Kōrero: Cars and the motor industry

Whārangi 1. A motorised society

Ngā whakaahua me ngā rauemi katoa o tēnei kōrero

Car lovers

New Zealanders love their cars. In 2005, with 607 cars for every 1,000 people, the country ranked third in the world for car ownership after Luxembourg (647) and Iceland (632). Of people aged over 18, 82% of New Zealanders owned cars, compared to 89% in the US, 80% in Britain and 70% in Australia.

Cars and the motor industry have shaped New Zealand for more than 100 years. Although New Zealanders’ dependence on cars has been criticised, many see their car as an extension of house and home.

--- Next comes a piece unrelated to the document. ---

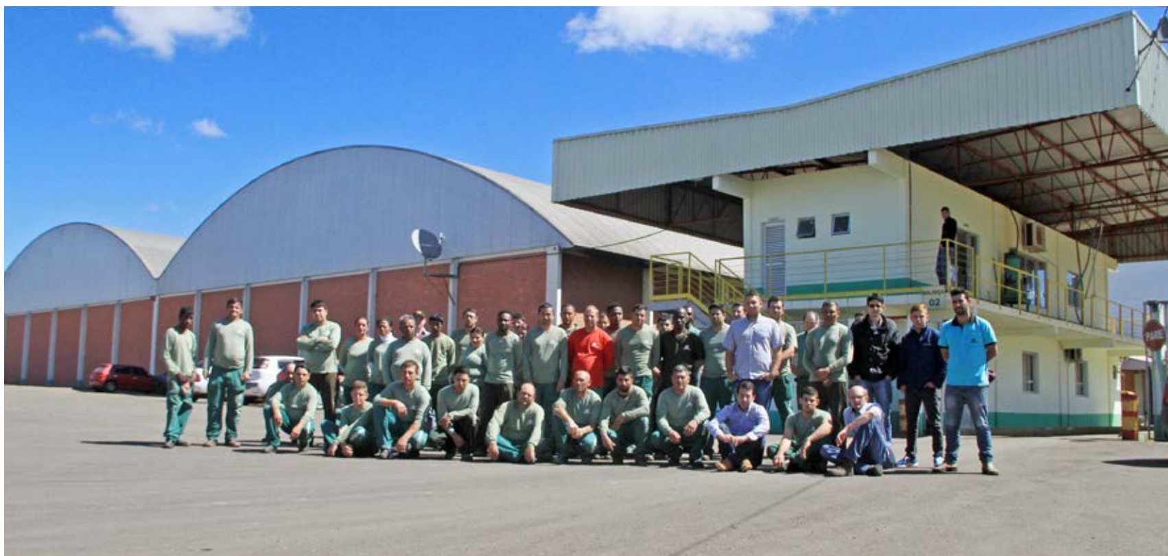
Equipe da UBS – Bairro Aparecida

As tecnologias disponíveis são fundamentais para obter sementes de alta qualidade e estão relacionadas com diversos fatores, como o manuseio das sementes, secagem, classificação, esfriamento dinâmico e logística do ensaque.

Historically, the car was the ideal transport solution for New Zealand’s small rural population, dispersed over a relatively large land area with rugged terrain. Low-density housing in towns and cities led to the car also being the favoured transport choice in urban areas. Only one city – Wellington – has an extensive suburban rail network and, while all major cities have suburban bus services, many people prefer the freedom that cars allow.

New Zealand’s first cars

The McLean Motor Car Act 1898 legalised the operation of motor vehicles, providing they were lit after dark and did not go faster than 12 miles (20 kilometres) per hour. That year William McLean of Wellington had imported two Benz cars, New Zealand’s first motor vehicles. It was another two years before Aucklanders saw their first car.

Extinct cars 

A 1912 car magazine listed a number of available makes, mostly names that have long since disappeared: the De Dion Bouton, the silent Sunbeam, a 10-horsepower Austin, the Siddeley-Deasy, the noiseless Napier, and the American Mitchell, Maxwell and Buick. Only Buick survived in the 2000s, and only in very small numbers in New Zealand. 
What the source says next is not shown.